Clarence Thomas

Biographical details
- Born: October 17, 1945
- Died: February 20, 2011 (aged 65)

Playing career
- c. 1965: Morgan State
- Positions: Center, linebacker

Coaching career (HC unless noted)
- 1972: Morgan State (DL)
- 1973: Montgomery Blair HS (MD)
- 1974–1975: Bowie State
- 1976–1977: Williams (assistant)
- 1978–1980: Morgan State
- 1982–1993: Pomona-Pitzer

Head coaching record
- Overall: 52–96–3 (college)
- Tournaments: 0–1 (NCAA D-II playoffs)

Accomplishments and honors

Championships
- 1 MEAC (1979)

Awards
- MEAC Coach of the Year (1979)

= Clarence Thomas (American football) =

American football coach (1945–2011)

Clarence "Motts" Thomas (October 17, 1945 – February 20, 2011) was an American football coach.

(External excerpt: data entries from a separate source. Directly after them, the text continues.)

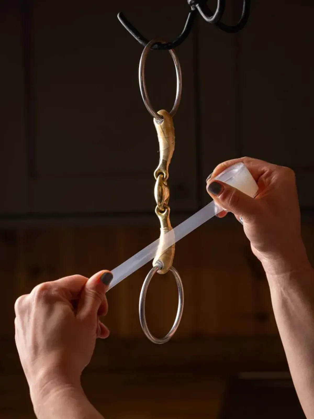 Et must-have i salrommet. Denne praktiske bitt-innpakningstape er ideell for sensitive hester, da den forvandler bittet og skaper en myk overflate.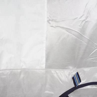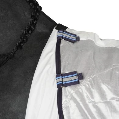 Een super lichtgewicht vliegendeken voor bescherming tijdens de warme dagen. Innovatief antibacterieel en antistatisch micromesh zorgt ervoor dat de deken aanvoelt als een tweede huid en optimaal ademend is. Het reguleert de temperatuur van het paard terwijl het een stevige barrière vormt tegen vliegen, muggen en dazen. De extra grote buikflap met 3 sluitingen beschermt de buik en zorgt er tegelijkertijd voor dat de deken altijd op zijn plek blijft, terwijl de lange staartflap de staart en achterbenen beschermt. De voorsluiting van de deken heeft een lichte hoek die de druk op de borst van het paard verdeelt en daardoor vermindert. Het gepatendeerde onafhankelijke zijdeel onderaan de deken zorgt voor een onderbreking in de zoomlijn, waardoor de bewegingsvrijheid van het paard wordt vergroot en de druk wordt verminderd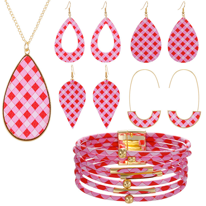 欧米国境を越えたアクセサリーバレンタインデーピンク愛シリーズ革イヤリング女性合金ブレスレットネックレスセット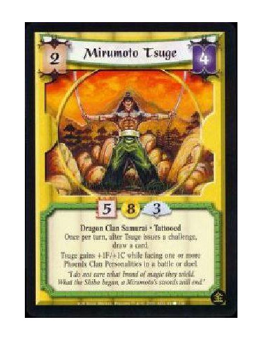 Mirumoto Tsuge  - Dragon Clan Samurai * Tattooed Tsuge gains +1F/+1C while opposing one or more Phoenix Clan Personalities in a
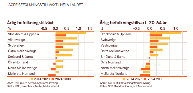 Med minskad befolkningstillväxt kommer behovet av behovet av bostäder minska i kombination med att fler äldre kommer minska sysselsättningsgraden som leder till att lönerna inte kommer öka nämnvärt.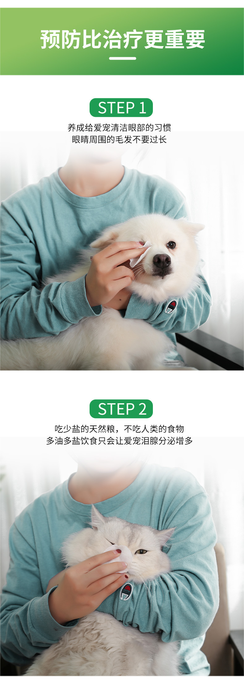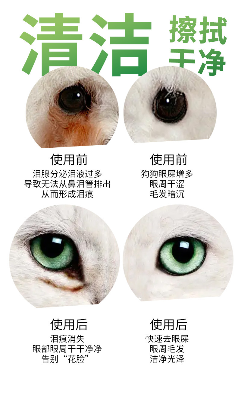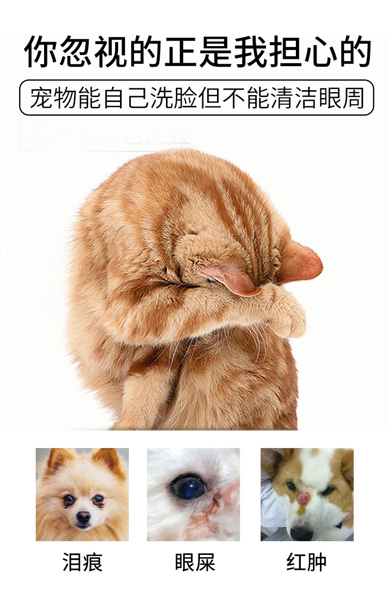 ペットは涙の跡に行きます。猫の目の部分は濡れます。犬は目の糞を拭きます。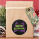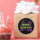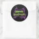 Um adesivo de forma redonda mostrado a preto com um impressão Feliz de Halloween. Personalize este item ou comprar como está.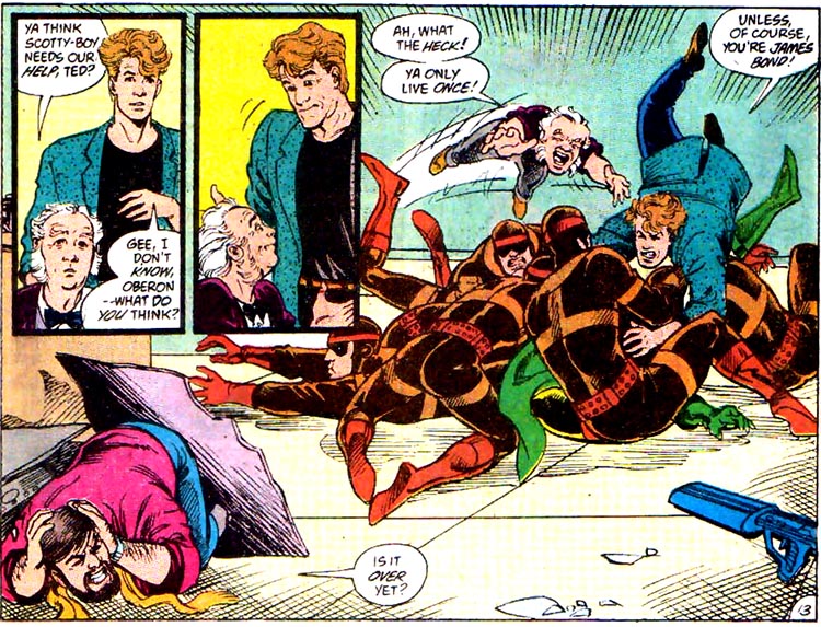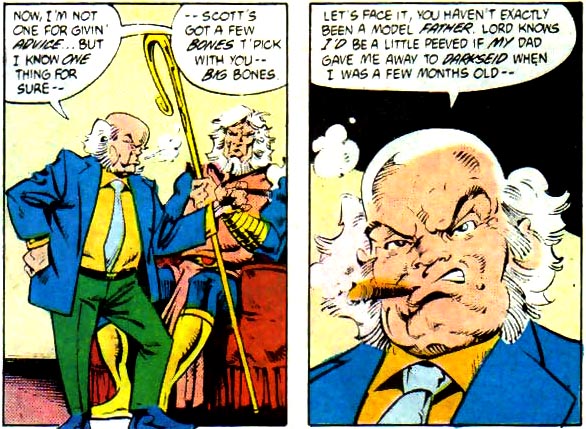 Oberon teaches a lesson in fathering to Scott's father. From Mister Miracle vol. 2 #4 (1989); art by Ian Gibson.

He served as the head football coach at Bowie State University from 1974 to 1975, Morgan State University from 1978 to 1980, and at Pomona-Pitzer in Claremont, California from 1982 to 1993, compiling a career college football coaching record of 52–96–3.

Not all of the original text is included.